Bahkan para penganjur pluralisme, liberalisme dan sekularisme agama juga telah bertindak terlalu jauh dengan menganggap bahwa banyak ayat al-Qur’an sudah tidak relevan lagi, seperti larangan kawin beda agama, dalam hal ini antara perempuan Islam dengan laki-laki non-Islam sudah tidak relevan lagi.
Mereka juga menganggap bahwa al-Qur’an itu bukanlah firman Allah tetapi hanya merupakan teks biasa seperti halnya teks-teks lainnya, bahkan dianggap sebagai angan-angan teologis (al-khayal al-dini). Misalnya, seperti yang dikemukakan oleh aktivis Islam liberal dalam website mereka yang berbunyi: ”Sebagian besar kaum muslimin meyakini bahwa al-Qur’an dari halaman pertama hingga terakhir merupakan kata-kata Allah yang diturunkan kepada Nabi Muhammad secara verbatim, baik kata-katanya (lafzhan) maupun maknanya (ma’nan).
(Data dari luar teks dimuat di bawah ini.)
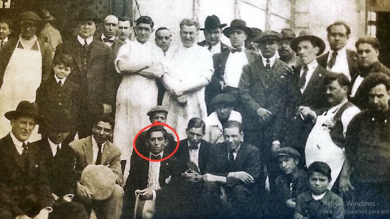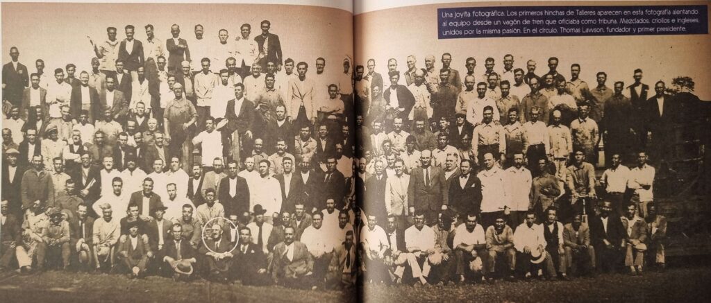 «Una joyita fotográfica. Los primeros hinchas de Talleres aparecen en esta foto alentando al equipo desde un vagón de trenque oficiaba como tribuna. Mezclados criollos e ingleses, unidos por la misma pasión. En el círculo, Thomas Lawson, fundador y primer presidente».

Keyakinan semacam itu sesungguhnya lebih merupakan formulasi dan angan-angan teologis (al-khayal al-dini) yang dibuat oleh para ulama sebagai bagian dari formalisasi doktrin-doktrin Islam.”
Masih banyak lagi pernyataan-pernyataan “aneh” yang mereka kemukakan.
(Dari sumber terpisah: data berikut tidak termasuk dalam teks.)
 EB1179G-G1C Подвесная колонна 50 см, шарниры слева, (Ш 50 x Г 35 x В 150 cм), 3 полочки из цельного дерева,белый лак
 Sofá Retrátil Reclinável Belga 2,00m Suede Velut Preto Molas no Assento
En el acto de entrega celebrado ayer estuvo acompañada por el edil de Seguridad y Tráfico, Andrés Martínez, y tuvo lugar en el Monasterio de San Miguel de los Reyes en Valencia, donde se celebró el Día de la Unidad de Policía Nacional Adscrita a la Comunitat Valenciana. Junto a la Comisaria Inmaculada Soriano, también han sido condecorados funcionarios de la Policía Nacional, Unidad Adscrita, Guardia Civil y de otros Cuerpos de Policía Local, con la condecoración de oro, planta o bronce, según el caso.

Fatwa MUI menegaskan pula bahwa pluralisme agama berbeda dengan pluralitas agama, karena pluralitas agama berarti kemajemukan agama. Banyaknya agama-agama di Indonesia merupakan sebuah kenyataan di mana semua warga negara, termasuk umat Islam Indonesia, harus menerimanya sebagai suatu keniscayaan dan menyikapinya dengan toleransi dan hidup berdampingan secara damai.
Pluralitas agama merupakan hukum sejarah (sunnatullah) yang tidak mungkin terelakkan keberadaannya dalam kehidupan kita sehari-hari.
Fatwa MUI tentang pluralisme agama ini dimaksudkan untuk membantah berkembangnya paham relativisme agama, yaitu bahwa kebenaran suatu agama bersifat relatif dan tidak absolut.
Fatwa ini justru menegaskan bahwa masing-masing agama dapat mengklaim kebenaran agamanya (claim-truth) sendiri-sendiri tapi tetap berkomitmen saling menghargai satu sama lain dan mewujudkan keharmonisan hubungan antar para pemeluknya.